Milonga is free software—both as in free speech and as in free beer, although the first meaning is far more important than the second one—and is distributed under the terms of the GNU General Public License version 3 or (at your option) any later version. In words of the Free Software Foundation,

Nobody should be restricted by the software they use. There are four freedoms that every user should have:

1. the freedom to use the software for any purpose,
2. the freedom to change the software to suit your needs,
3. the freedom to share the software with your friends and neighbors, and
4. the freedom to share the changes you make. When a program offers users all of these freedoms, we call it free software.

Developers who write software can release it under the terms of the GNU GPL. When they do, it will be free software and stay free software, no matter who changes or distributes the program. We call this copyleft: the software is copyrighted, but instead of using those rights to restrict users like proprietary software does, we use them to ensure that every user has freedom.

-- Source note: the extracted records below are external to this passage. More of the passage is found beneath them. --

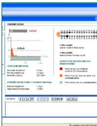
Das Bild zeigt die Ergebnisse nach der Zahnmessung
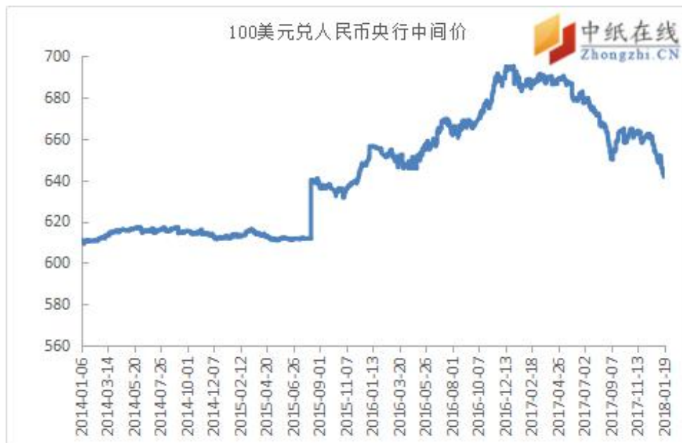
附图 2：美元兑人民币走势图
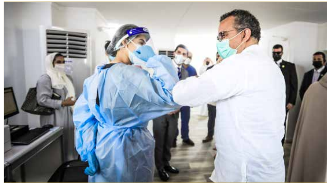
المدير العام لمنظمة الصحة العالمية في زيارة لمركز الفحص من المركبة في منطقة الساية

◆ مدير “الصحة العالمية”: المملكة تعاملت بشكل شمولي مع الجائحة
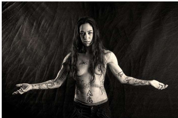
"Vietato morire " R.BUSETTINI & M.FERRERO

«Per la determinazione nel cercare e raccontare storie di donne ad un passo dalla morte. La sapienza compositiva e l'uso plastico della luce contribuiscono a evidenziare la forza e il lirismo di ogni ritratto.»
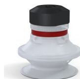
Referência da variação:
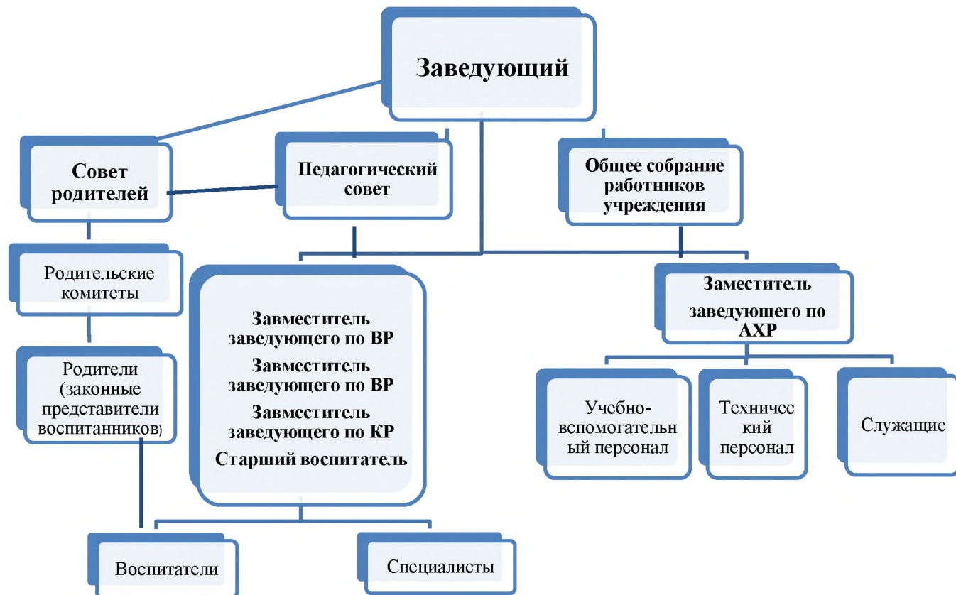
Схема управления образовательным учреждением

Вывод: Муниципальное бюджетное дошкольное образовательное учреждение «Образовательный комплекс - детский сад № 201» осуществляет свою деятельность в соответствии с целями и задачами, определенными законодательством РФ в сфере образования и Уставом МБДОУ № 201, путем выполнения работ и оказания услуг. Деятельность дошкольной образовательной организации строится с учетом мотивированного мнения работников учреждения, а также мнения родителей (законных представителей) обучающихся.
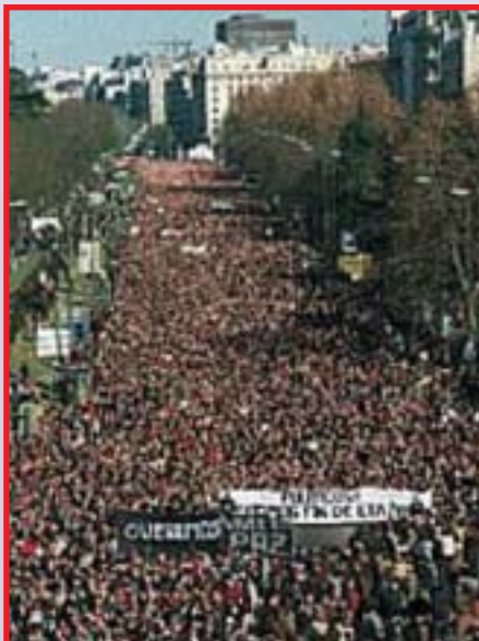
Millones de madrileños se echaron a la calle en silenciosa protesta por el atentado

trabajadores laborales públicos. No se debe perjudicar a la mayoría cuando desde lo que tenemos se puede articular todo. Los sindicatos mayoritarios de ámbito general, CSIT-Unión Profesional, CCOO y UGT, debemos reflexionar sobre este hecho y darnos cuenta de que las luchas que cada uno de nosotros podamos mantener en nuestros ámbitos internos son personales y circunstanciales y que nunca deben poner en peligro la unidad negociadora que tantos beneficios ha aportado al conjunto de los trabajadores públicos. A CSIT- Unión Profesional no le gustan los chiringuitos ni los sindicalistas disfrazados del Carod Rovira de turno.
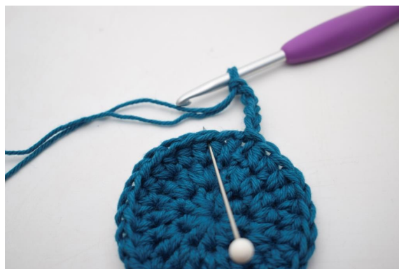
6. hoppa över 1 m och virka 1 fm i nästa m".
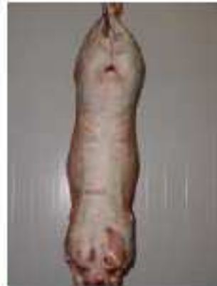
Note 2 – Gras légèrement coloré

Le gras de couverture est blanc sur la totalité de la carcasse.
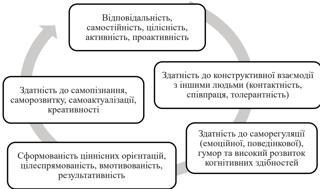
Рис 2. Психологічні характеристики психологічної зрілості

Узагальнюючи отримані результати, вважає за необхідне зазначити, що психологічна зрілість – це багатогранна характеристика особистості, яка містить у собі певні блоки, наведені у схемі рис. 2.

Not only does milonga (and wasora) provide all the four basic freedoms to the software user, but it also encourages her to study, understand, analyze and hack it. And of course, to share the associated discoveries, suggestions, improvements and fixed bugs under the terms of the GNU GPL—especially with wasora’s original author. To sum up:

Milonga is free software: you can redistribute it and/or modify it under the terms of the GNU General Public License as published by the Free Software Foundation, either version~3 of the License, or (at your option) any later version.

Milonga is distributed in the hope that it will be useful, but WITHOUT ANY WARRANTY; without even the implied warranty of MERCHANTABILITY or FITNESS FOR A PARTICULAR PURPOSE. See the GNU General Public License for more details.

5 Further information

See the file INSTALL for compilation and installation instructions.
See the directory examples for the test suite and other examples.
See the contents of directory doc for full documentation.

See the file COPYING for copying conditions.